Essa parábola ultrapassa a aparente transação comercial. Ela aborda um encontro que recobre todas as espécies de encontros. A conjunção das variadas formas de encontro e descobertas conduz-nos a uma relação primordial com o tempo podendo denominar-se “acontecimento por excelência” (Ibid., p. 227). Se, enquanto alguma coisa se constrói, preparamo-nos para a surpresa do que é novo, então podemos descobrir.

Lembremos, a arte da parábola é ligar dialeticamente o ato da descoberta promovido pelo encontro aos outros dois pontos críticos. O homem que encontrou o tesouro foi vender tudo o que tinha e o comprou. Deparamos com a conversão e decisão.

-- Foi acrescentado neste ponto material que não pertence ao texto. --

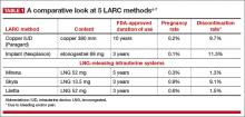 Skyla is another LARC option for womenseeking an LNG-IUS for contraception. It provides highly effective contraception for at least 3 years through the release of 13.5 mg of levonorgestrel over time. Skyla’s reduced levonorgestrel content, as compared with Mirena and Liletta, means that fewer users will experience amenorrhea (13% vs 25%).

A conversão precede a decisão. A conversão suplanta a escolha, pois implica uma mudança na direção do olhar, do coração antes de toda forma de boas ações. O agir é como o ato conclusivo produzido pelo acontecimento e pela conversão. Em primeiro lugar vem o encontro com o acontecimento, depois a mudança de direção do coração e, depois, o agir em função disso. Essa sucessão é cheia de sentido. O Reino de Deus é comparado ao encadeamento desses três atos: deixar o

acontecimento desenvolver-se; olhar em outra direção; e agir com todas as suas forças de acordo com essa nova visão (Ibid., p.228).

Finalmente, para concluir este capítulo, vale frisar que comungamos com Kerbs o pensamento de que, ao efetuar uma revisão da hermenêutica bíblica de Paul Ricoeur aplicada às parábolas, fica patente que a hermenêutica bíblica dá o que pensar. A fim de mostrar as possibilidades nesse campo, Kerbs deixa claro que a interpretação das parábolas constitui uma oportunidade para ver em funcionamento a hermenêutica textual como dialética de explicação e de compreensão (Cf. KERBS, 2000).

Ainda, com sua reflexão Ricoeur nos desperta para a estratégia de discurso inusitado de que Jesus se vale apresentando as parábolas aos discípulos e à multidão no impulso de permitir que sua própria potência poética desenvolva-se em nós. Nas palavras do autor, “É no mais íntimo de nossa imaginação que deixamos o acontecimento advir antes que possamos converter nosso coração e endireitar nossa vontade” (RICOEUR, 2006a, p.232).

Assim, parafraseando Ricoeur, asseguramos: este trabalho pode ser comparado a uma espiral sem fim, sempre recomeçado e ampliado. No mesmo impulso, procedemos para o próximo capítulo guiados pela premissa ricoeuriana: “Escutai, por isso, as parábolas de Jesus”, retomando o sentido exegético, hermenêutico e filosófico da parábola do Bom Samaritano.